- DATA BELOW

□ □ □

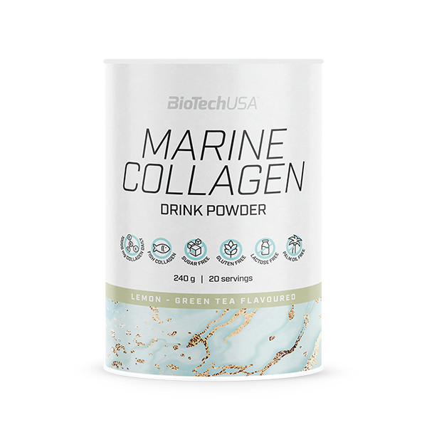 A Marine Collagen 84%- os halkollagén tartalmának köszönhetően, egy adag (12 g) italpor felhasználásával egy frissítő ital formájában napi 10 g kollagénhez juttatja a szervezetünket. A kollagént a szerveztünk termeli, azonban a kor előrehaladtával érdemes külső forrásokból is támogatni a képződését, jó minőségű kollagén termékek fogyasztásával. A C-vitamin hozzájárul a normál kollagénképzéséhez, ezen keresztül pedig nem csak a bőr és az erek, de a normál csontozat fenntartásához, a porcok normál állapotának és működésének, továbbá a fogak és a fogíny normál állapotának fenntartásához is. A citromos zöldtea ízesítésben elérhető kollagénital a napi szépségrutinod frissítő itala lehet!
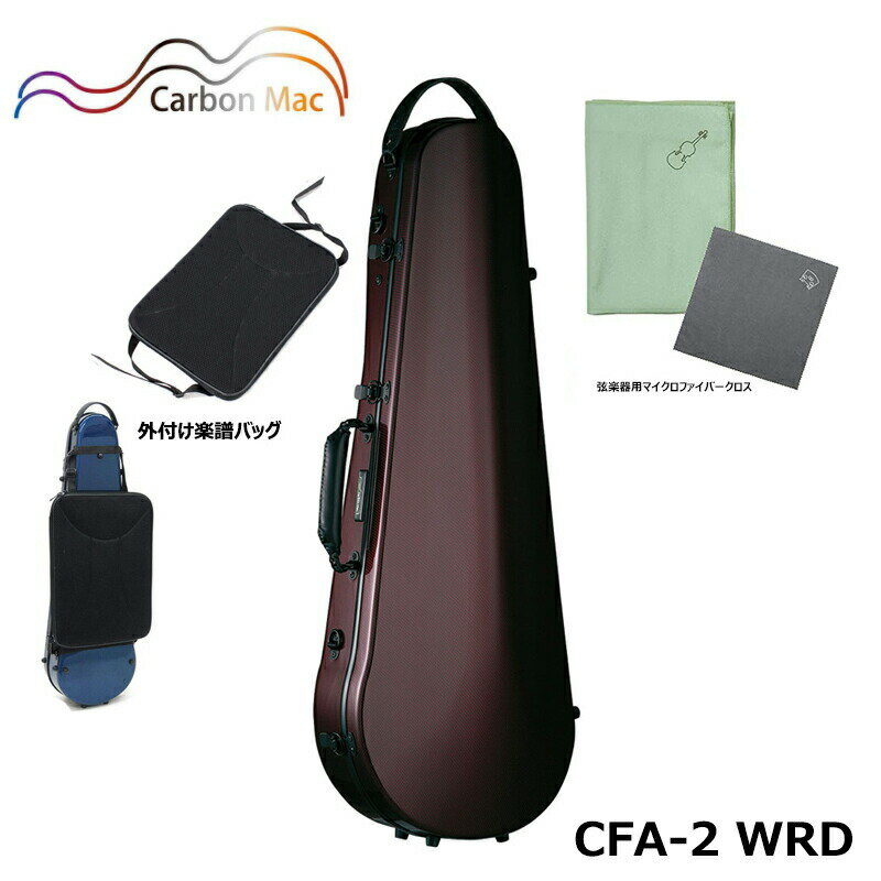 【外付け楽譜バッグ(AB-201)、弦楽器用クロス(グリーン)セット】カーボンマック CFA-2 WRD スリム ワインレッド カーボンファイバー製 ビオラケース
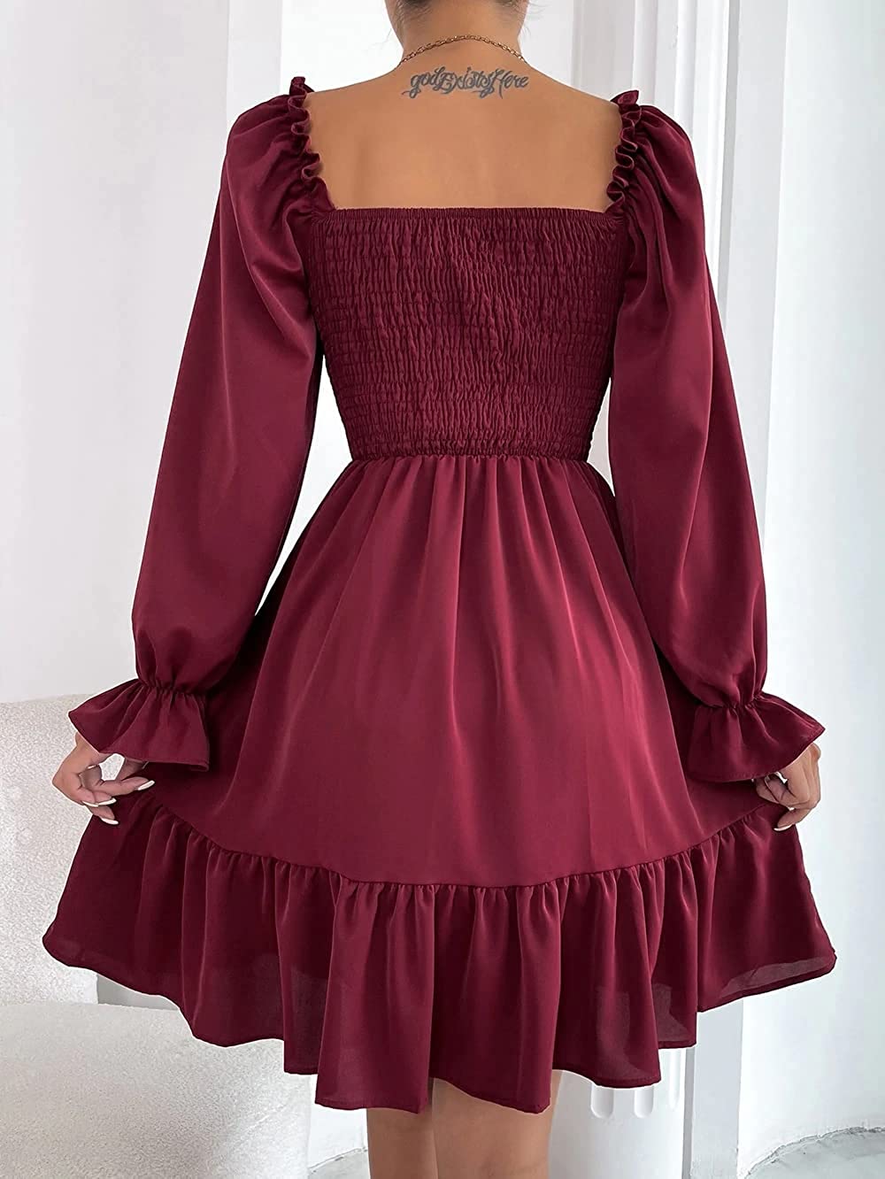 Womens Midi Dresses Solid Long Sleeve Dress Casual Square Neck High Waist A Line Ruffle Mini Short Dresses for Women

□ □ □

- WORK TASK
Set the listing down again exactly, skipping each picture.

- SOLVED EXERCISE
 A Marine Collagen 84%- os halkollagén tartalmának köszönhetően, egy adag (12 g) italpor felhasználásával egy frissítő ital formájában napi 10 g kollagénhez juttatja a szervezetünket. A kollagént a szerveztünk termeli, azonban a kor előrehaladtával érdemes külső forrásokból is támogatni a képződését, jó minőségű kollagén termékek fogyasztásával. A C-vitamin hozzájárul a normál kollagénképzéséhez, ezen keresztül pedig nem csak a bőr és az erek, de a normál csontozat fenntartásához, a porcok normál állapotának és működésének, továbbá a fogak és a fogíny normál állapotának fenntartásához is. A citromos zöldtea ízesítésben elérhető kollagénital a napi szépségrutinod frissítő itala lehet!
 【外付け楽譜バッグ(AB-201)、弦楽器用クロス(グリーン)セット】カーボンマック CFA-2 WRD スリム ワインレッド カーボンファイバー製 ビオラケース
 Womens Midi Dresses Solid Long Sleeve Dress Casual Square Neck High Waist A Line Ruffle Mini Short Dresses for Women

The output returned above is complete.